In the first quarter of 2010, this charge was $1.1 million. Adjusting the first quarter 2009 for comparability results in a similar charge, which reduces Q1 ’09 EPS of $0.01. After adjusting for both of these items, 2009 Q1 EPS was $0.63 and 2010 Q1 EPS was $0.58, $0.05 below the comparable prior year level, with higher interest expense accounting for $0.02 of the difference.
Q1 2010 revenues benefited by $15.2 million from favorable foreign currency translation. Excluding that benefit, revenues decreased by 4.5% versus the prior year level, with the impact of volume softness in the NACO and UK meeting businesses, partially offset by revenue increases in Continental European meetings and global online. Our net income on a constant currency basis after factoring in the 2009 adjustments was 10.9% below the 2009 Q1 level.
In the operations overview that follows, I’ll discuss our operating performance on a currency neutral basis and excluding the adjusting items discussed above. Our 2010 Q1 operating income was $91.4 million, a currency neutral decrease of 7% as compared to the adjusted 2009 first quarter level. Our operating income margin declined 60 basis points to 22.9% on the same basis. Gross margin expansions versus prior year driven primarily by WeightWatchers.com was offset by higher G&A as a percentage of revenues, which I will review later in this report.

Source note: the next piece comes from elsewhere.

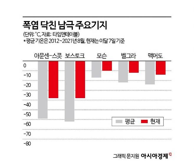 지구에서 가장 추운 장소로 꼽히는 보스토크 기지도 마찬가지다. 보스토크 기지는 러시아의 남극관측기지로 1983년 영하 89.2도를 관측해 역대 최저기온을 기록한 곳이다. 2012~2021년 8월 기준 보스토크 기지의 평균기온은 영하 62도였다. 더울 때도 영하 60도를 넘기지 않았다. 하지만 전날 기온은 영하 38~46도에 그쳤다. 보스토크 기지의 초여름 날씨와 비슷한 수준이다.
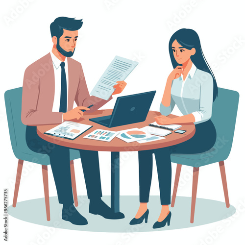 Partners meeting for business discussion with documents and laptop on desk. Couple at round table, speaking, discussing work, partnership. Flat vector illustration isolated on white background

Now summarizing some of the operational trends, first, in the meeting business, paid weeks declined 4.2% globally in the quarter. Internationally, paid weeks were up 2.4%, reflecting 9.9% growth in Continental Europe. UK meeting paid weeks declined by 3% and NACO meeting paid weeks declined 8%. As David noted, both UK and NACO were cycling against last year’s innovation and were impacted by severe weather dispute in the quarter, which lowered both enrollments and propensity to attend. First quarter global attendance was down 12%, with UK down 12.8% and NACO down 16%. Continental Europe attendance was up 3.4% on the strength of the innovation and despite its own weather issues.
Lecture income revenues of $218.2 million in the first quarter were 7% behind the prior year quarter, a result of lower enrollment levels in the prior year. Overall, lecture income per meeting paid weeks declined slightly versus prior year by 2.9%, mainly as a result of globally higher penetration of value price monthly pass. In NACO, lecture income for paid weeks declined 1.7%. Internationally, increased promotion activity versus the prior year quarter also had an impact, as did a reversion to higher UK VAT rates after a temporary government abatement. As a result, lecture income for paid weeks declined 3.8% across the international market.

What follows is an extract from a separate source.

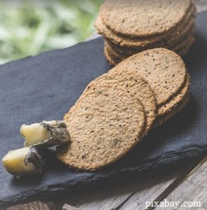 Dissolve 1 ½ tbsp. salt in 1 cup water. Mix into 5 cups flour. Knead into a dough and roll out to 1/3-inch thickness. Cut into 3-inch squares and pierce each with a fork or whatever is available.
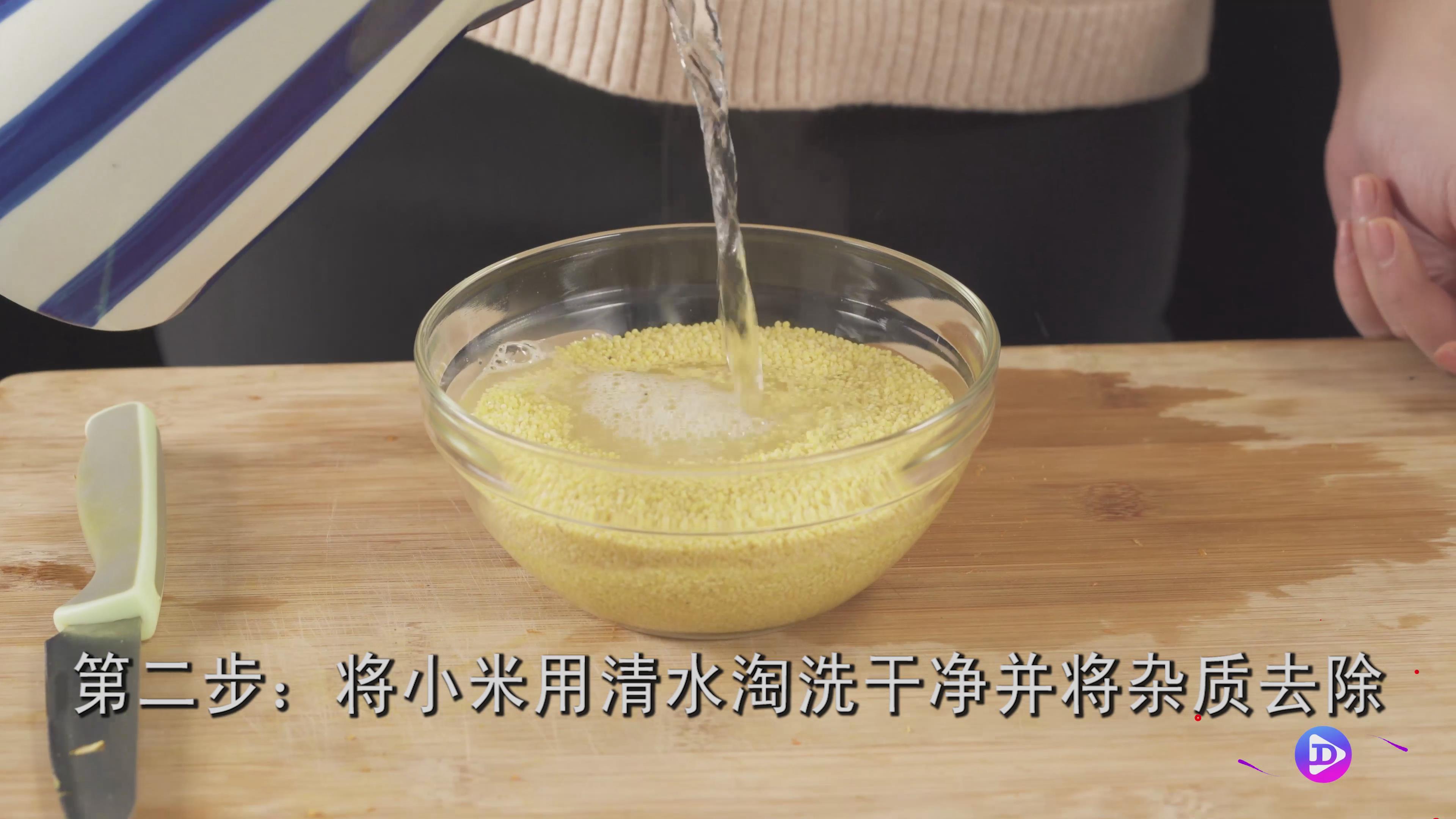 第二步:小米用清水洗净,去除杂质。

First quarter global and meeting product sales were $80 million, down 4.4% versus the prior. On a per-attendee basis, global and meeting product sales were up 8.5% with NACO increasing 13.6% and the strength of new consumable product introductions, which were very well received in promotions. Internationally, product growth for attendee grew 1.7%.

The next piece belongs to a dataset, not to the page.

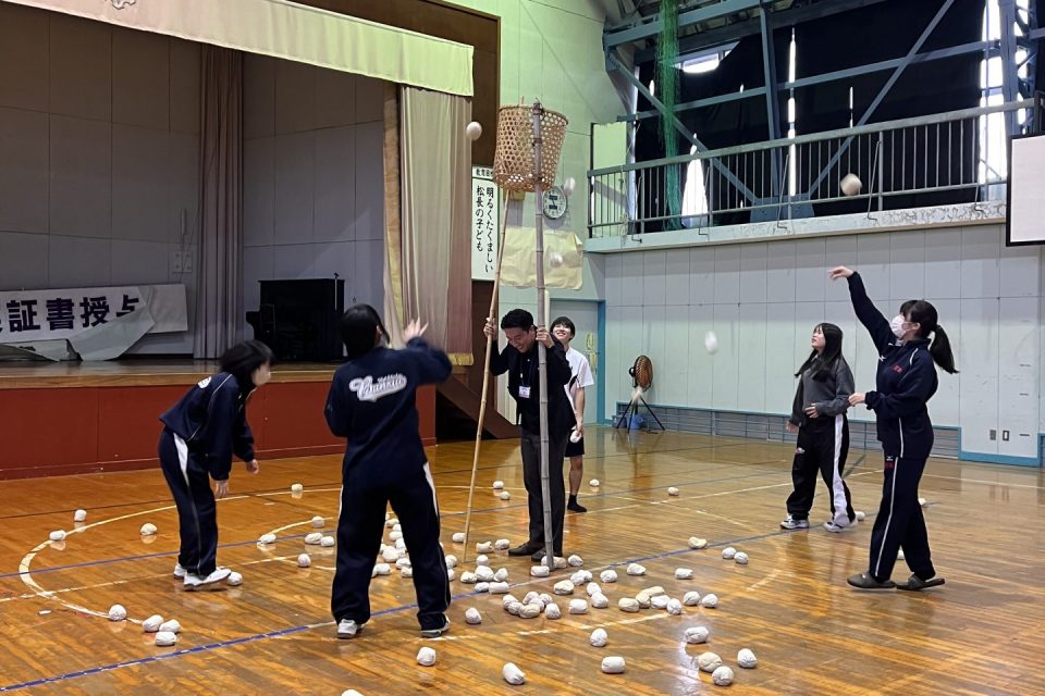 実際に玉入れをやり楽しみつつも、適正な競技時間を考え、借り人・障害物競争をやってみて「本番は運営サイドに複数の人数が必要だね。」

Moving to WeightWatchers.com, with strength across all major markets, the combination of strong retention and signup growth drove first quarter revenues in this business up 10.9% over prior year. Paid weeks grew by 11.3% and in this period active online subscribers increased by 11.5% versus Q1 ’09 to $972,000.
Now turning to a review of the performance of our other revenues, which include licensing, franchise commissions and revenues from our publications. Other revenues of $22.7 million declined 9.3% versus the prior year level. Our licensing revenues of $15.4 million in the quarter declined 6.7% versus last year. Domestic licenses declined 10%, with 40% of the decline resulting from the change in the Applebee’s and Yogurt relationships.
Our remaining domestic licensing was down 6%, with 4% coming from the food category where the introduction of multiple new products this last year drove especially strong results. A way of difference, the largest better-for-you retail category, frozen entrees, was down roughly 4% in the quarter. Most of the products in the better-for-you category are premium priced and the category has experienced difficult trends in the recessionary environment.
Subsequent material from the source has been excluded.